How do you stop being the kind of person who regularly bails, and start being the person who shows up no matter what?

The answer comes down to three simple agreements.

Do what you say you will. Don’t say what you won’t do.

From now on, make a promise to yourself to follow through on the commitments you’ve made. 

This might mean driving across town when you don’t feel like it, attending an event when you’d rather stay home, or doing some extra work when you’d rather relax. Showing up despite that resistance is how you create value that other people can’t. In the short term, it might feel quite onerous, especially if you’ve lived by flakiness up till now. Over time, though, it will bring you deeper into your own life, and avoid the dysfunction that flakiness causes.

At the same time, make a promise to not make commitments you don’t intend on keeping. This is the other side of the integrity coin. When you refuse to commit to things you can’t show up to, you eliminate the need to flake at all. You also free up room to only commit to those things that matter to you, so you can experience the joy of showing up more often.

Celebrate showing up.

The more you show up, and the more you hang with people who show up, the more you’ll discover how important showing up really is. Celebrating un-flakiness reinforces the promise, and spreads the showing up mentality across your life.

What does this mean in practice?

For one thing, it means taking stock of the impact of showing up. Every so often, check in with yourself and ask how honoring your commitments is working out. Are you feeling more connected and more productive? Are there opportunities to show up in ways that you haven’t yet? What impact would showing up for those people and places have?

Another way to celebrate showing up is to institutionalize it in every area of your life.

At work, you might make it a company policy (e.g., responding to your teammates because you care more about letting them down than you’re your boss thinks, incentivizing follow-through on goals and KPIs, creating a medium to highlight employees’ accomplishments).  In your family, you might make it a ritual (e.g., showing up at every moment for your kids and spouse, agreeing not to check phones at dinner, having dinner all together every week). In your personal life, you might make it an informal policy (e.g., not dating people who regularly flake, celebrating your friends’ accomplishments socially, looking for ways to commit to the other person’s growth).
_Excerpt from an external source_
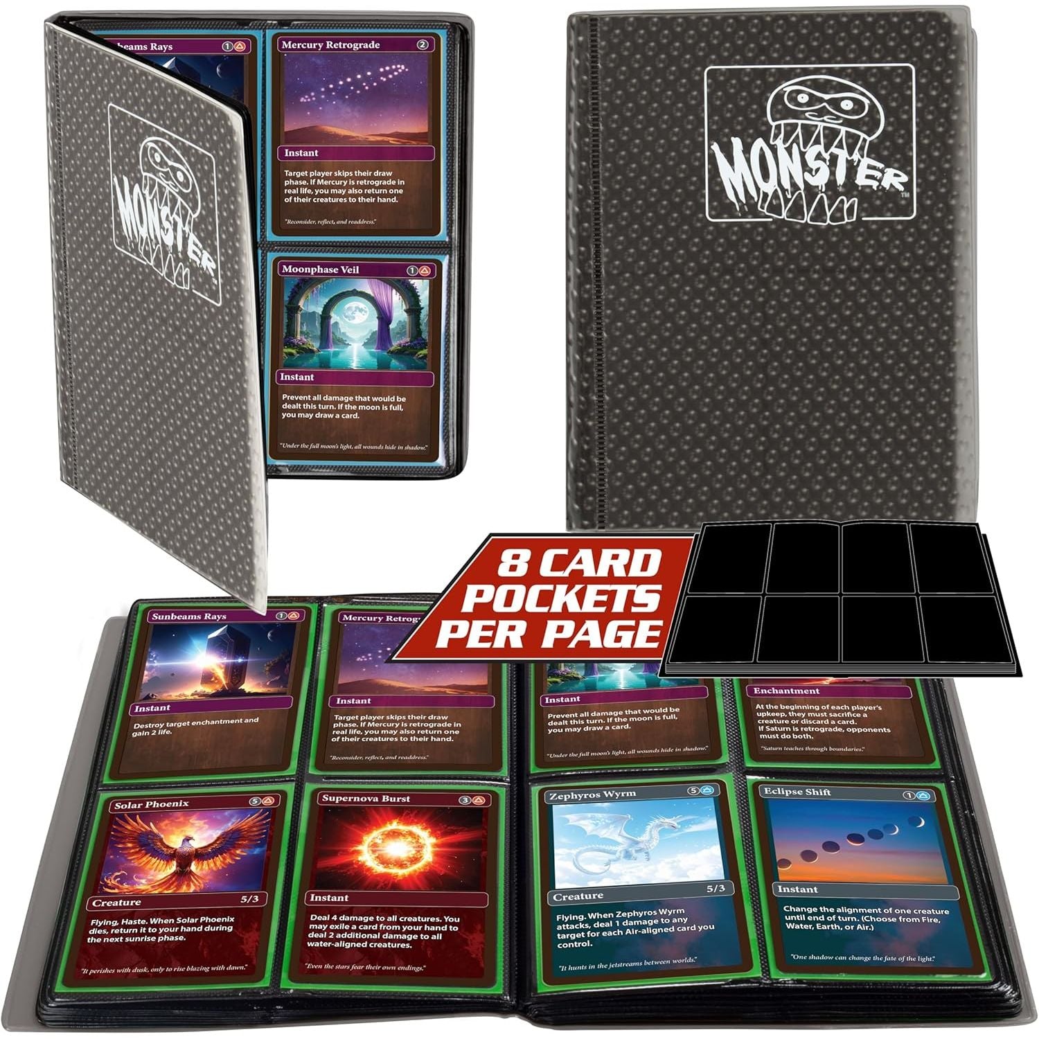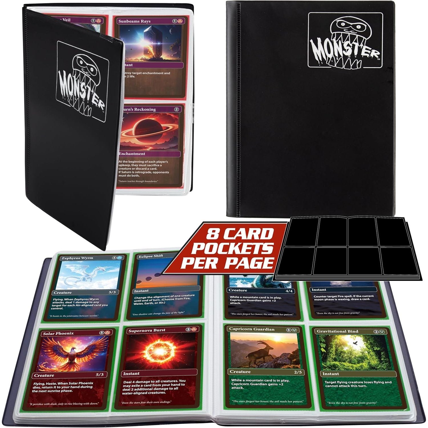 • Reinforced, Tear-Resistant Pages Holds 160 Standard-Size Cards: Designed with 4 pocket pages that lay flat to display 8 cards per spread, this binder securely holds up to 160 trading cards. Reinforced, non-rip pages keep your collection safe and intact. Compatible with standard-size cards from Pokémon, Yu-Gi-Oh!, Magic: The Gathering (MTG), sports cards, and more.

The beauty of showing up is that it’s infectious.

The more you do it, the more you’ll want to do it, the more you’ll expect other people to do it, and — with you as an example — the more they’ll want to do it, too. It’s a virtuous cycle that begins with one person saying: I’m going to do what I said I would. That one agreement can literally change your life.

So this is our task: to show up when we say we will, to not say we’ll show up when we won’t, and to share that commitment to showing up across our lives.
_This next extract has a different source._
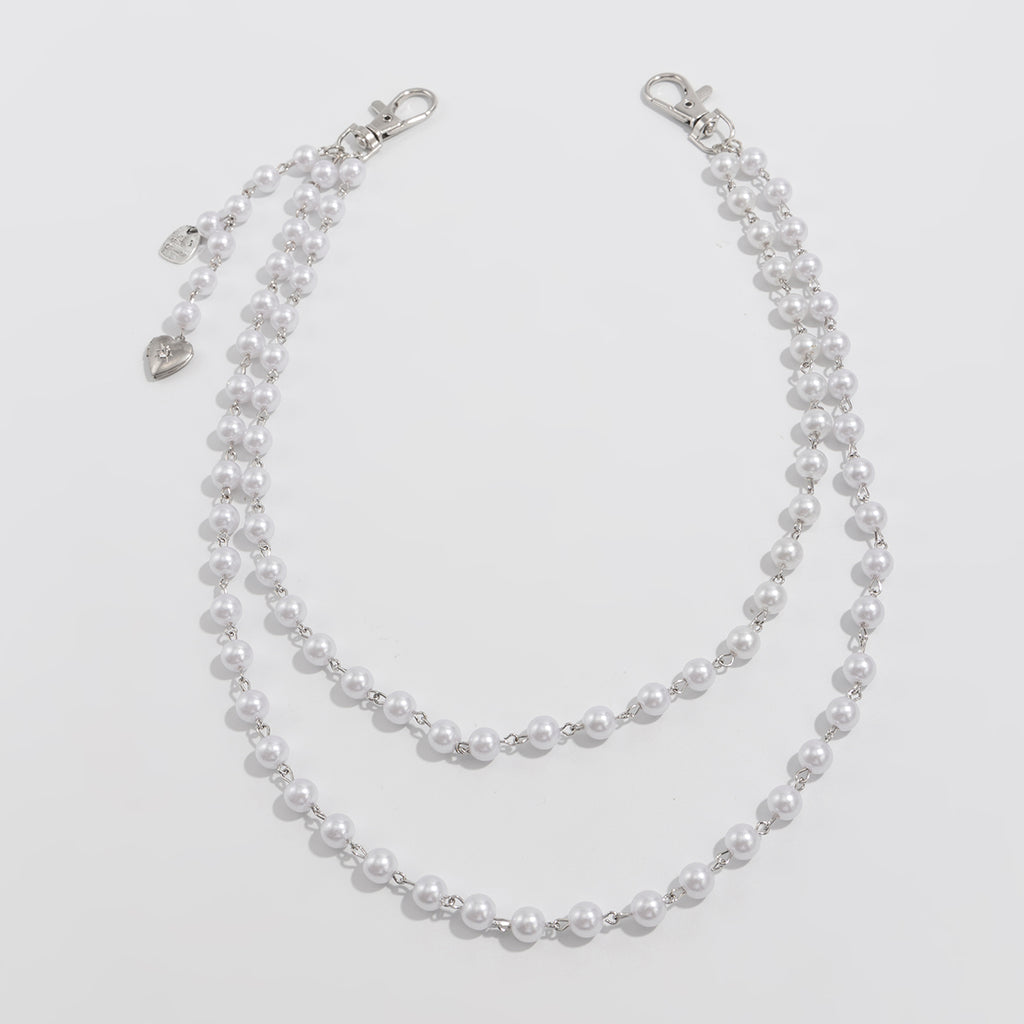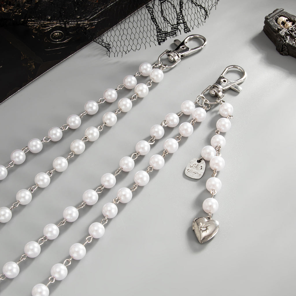 Discover the perfect introduction to alternative accessories with our enchanting Pearl Wallet Chain, a beautifully crafted piece designed specifically for fashion-forward women. This exquisite Women Wallet Chain features a graceful dual-layer design with 62cm and 52cm strands of lustrous faux pearls, creating a captivating cascading effect. The charming addition of a shorter chain with a delicate heart-shaped pendant near the clasp adds a touch of romantic femininity to this versatile Ball Wallet Chain, making it an ideal choice for those new to wallet chains or seasoned enthusiasts alike.
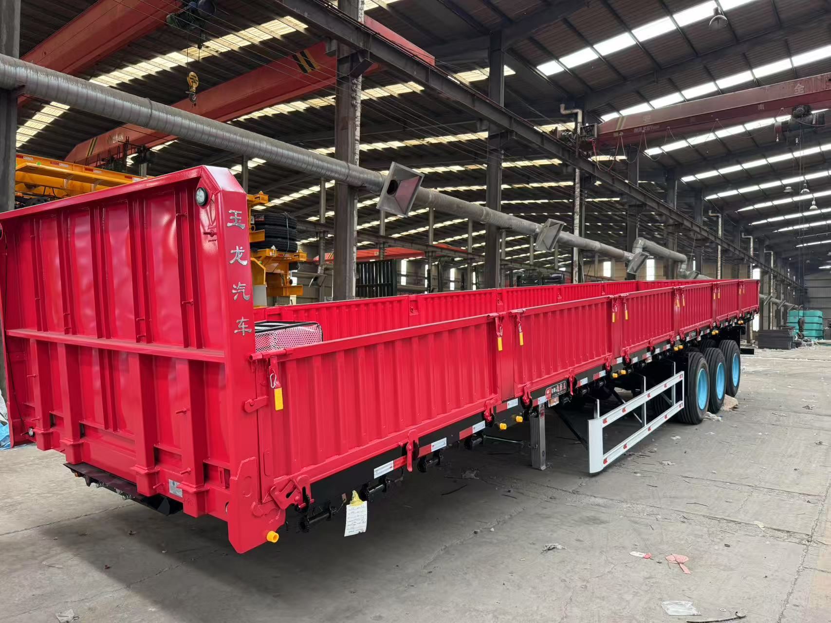 此外,玉龙偏翻半挂车在制造工艺上也精益求精。采用高强度的钢材制作车架和车厢,确保车辆具有足够的强度和耐用性,能够承受长期的重载运输。先进的焊接工艺和表面处理技术,使车辆不仅外观美观,而且具有良好的防锈蚀性能,延长了车辆的使用寿命。在车辆的维护保养方面,玉龙偏翻半挂车也设计得十分贴心,各个部件易于拆卸和更换,方便日常的检查和维修工作。

The epidemic of flakiness is part of our culture now, but we can reverse it in ourselves. Ultimately, that’s all we really have to do to live a non-flaky life.

When we show up, we always end up finding other people who show up, too. We either attract them with our commitment or we inspire them with our example. That’s how great relationships are born. They deepen with value, gratitude, generosity, and kindness. But they begin in one place — ourselves — when we resist the urge to bail, and choose to be there instead.

For all those I love in my life, just know, I’m working on it.